AI can now do things that would have required a team of technical specialists a few years ago, or that simply were not possible at all. Humanists can explore patterns across thousands of pages of archival material without writing a line of code. A literature seminar can analyze an entire genre. An oral history project can make decades of recordings searchable in an afternoon. A student can build an interactive archive as a course project that would have taken a development team two years ago.
That’s a genuine shift—not just in what’s accessible, but in the kinds of questions humanists can ask in the first place.
That reach comes with real costs, which we’ll get to. But the starting point is possibility: AI has opened research territory that was previously out of bounds, and we want to help you explore it.
Human-centered AI at Amaranth means the person doing the research stays responsible for the question, the evidence, the interpretation, and the audience. AI can help search, sort, describe, compare, and draft. It cannot decide what matters.
That is why we care about provenance and documentation. A useful AI workflow should make its steps visible: what sources were included, how they were prepared, what the model was asked to do, where the output came from, how it was checked, and what claims survived human review.
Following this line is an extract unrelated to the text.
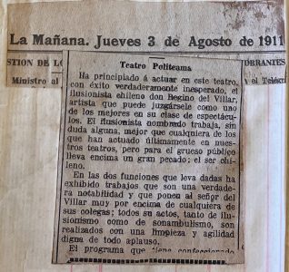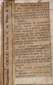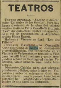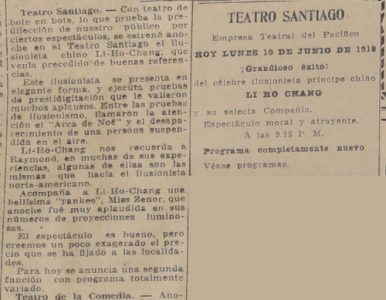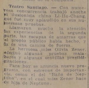 Se presenta Li Ho Chang en el Teatro Santiago, se alude que el repertorio que se presenta se le recuerda a Raymond, se destaca que: "Tuvo sin embargo, el espectáculo esos momentos infantiles de que siempre adolecen las funciones de los ilusionistas y en los que languidece el intereses de los espectadores". Acompañada de Miss Olivia Zenor.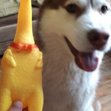 This is my dogs favorite toy! He has had one for years- it is his present to us when we get home or he has does something he is good, etc.... his last one broke after five years of hard use.... I needed one quickly so I ordered a replacement "chicken". It came quickly and was exactly as was expected... it even looks better made than the original one I had... thick rubber chicken with squeaker.... such a happy dog again!!! I was very happy with the customer service, was they send a thank you note too!

If no one can explain how an AI-assisted interpretation was produced, it is not ready to become scholarship.
Some projects also need researcher-controlled or institutionally accountable AI. Community oral histories, Indigenous collections, unpublished archives, and sensitive cultural materials should not be treated as generic input for whatever tool is convenient. Human-centered AI asks who has a stake in the material, what permissions matter, and how the process can remain answerable to the people whose histories are involved.
Exploring patterns across texts. You have hundreds of newspaper articles, letters, government documents, or literary works. AI can help you identify recurring themes, trace how language shifts over time, compare rhetorical strategies, or surface connections you might not have found through close reading alone. You still decide what the patterns mean and which ones matter—but you can now see across a collection at a scale that changes what’s possible to ask.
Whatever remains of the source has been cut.